Литмир - Электронная Библиотека

Старшая бабушка всегда выражалась очень… странно, её необычные, с остротой, речи нравились Мэриголд. Они всегда шокировали Младшую бабушку и маму, но Мэриголд запоминала и размышляла над ними, хотя редко понимала до конца. В них не было ничего, что относилось бы к её маленькому жизненному опыту. Позже они вернулись к ней. В критические моменты слова Старшей бабушки вдруг возникали в её голове и спасали от совершения ошибок.

Но, в целом, Мэриголд всегда облегченно вздыхала, когда дверь садовой комнаты закрывалась за её спиной.

6

Мэриголд в свои шесть лет уже испытала большинство чувств, что делают жизнь яркой, ужасной и удивительной, – чувств не менее ярких и ужасных, чем в шестнадцать или шестьдесят.
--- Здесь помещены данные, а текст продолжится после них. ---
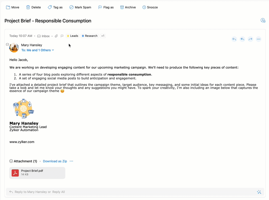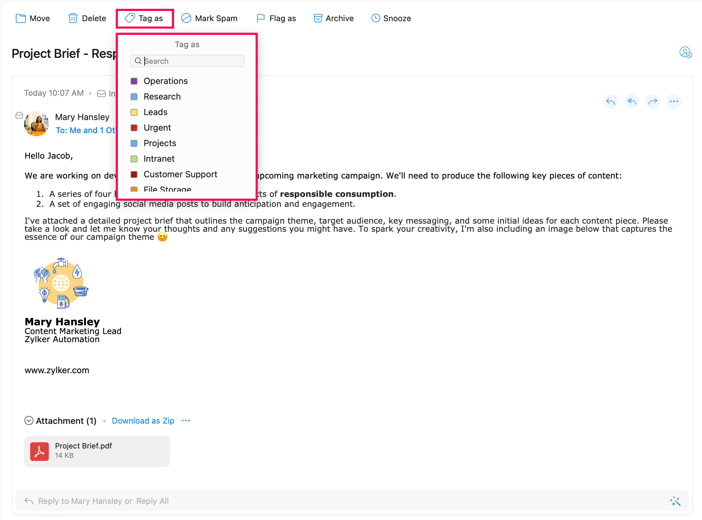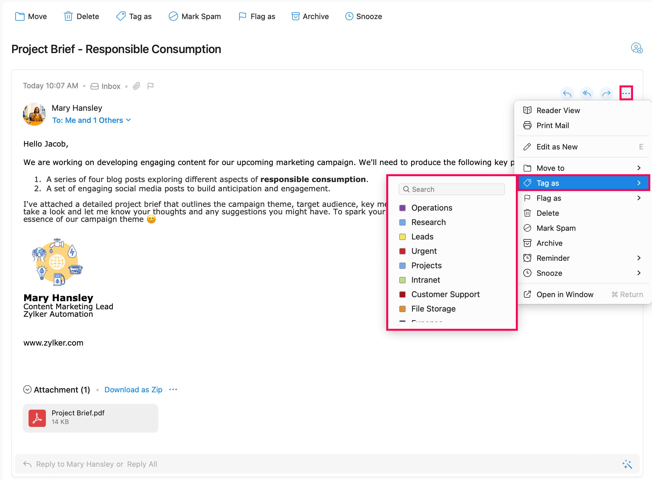 icon at the top-right corner of the email detail view. - Select Tag as from the menu list.
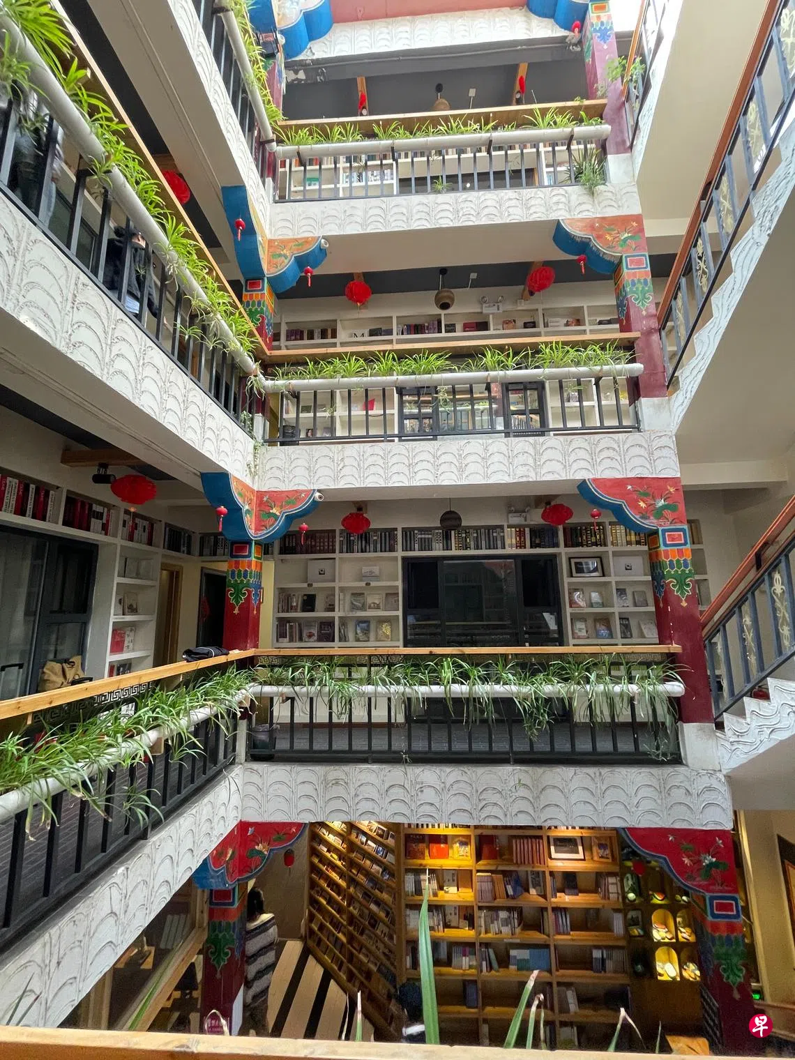 顺楼梯而上,楼上三层,走廊左边是客房,紧挨走道与客房的墙全是书架,摆着各样的书。右边是围栏,沿着围栏种着绿植,走廊柱子上有西藏风格的图画装饰。整体呈回字形设计。

Вероятно, она родилась, зная, что, будучи Лесли, рождена почти королевским отпрыском. Но её родовая гордость полноценно расцвела после одного разговора с маленькой Мей Кемп из Низины.

«Ты умываешься каждый день?» – недоверчиво спросила её Мей.

«Да», – отвечала Мэриголд.

«Разве это нужно?»

«Конечно. А ты разве нет?»

«Я нет, – презрительно сказала Мей. – Я умываюсь, если лицо грязное».

И тут Мэриголд поняла разницу между кастой Лесли и прочими лучше, чем из всех проповедей Младшей бабушки.

Стыд? О, она испила эту чашу до дна. Разве можно забыть тот кошмарный ужин, когда она пробралась, красная и запыхавшаяся, на свое место, извиняясь за опоздание? Непростительный поступок, когда за столом присутствуют гости – два министра и их жёны.

«Я никак не могла, мама. Я помогала Кейт Блэквайер поить коров мистера Донкина и нам пришлось гоняться за той чёртовой телкой».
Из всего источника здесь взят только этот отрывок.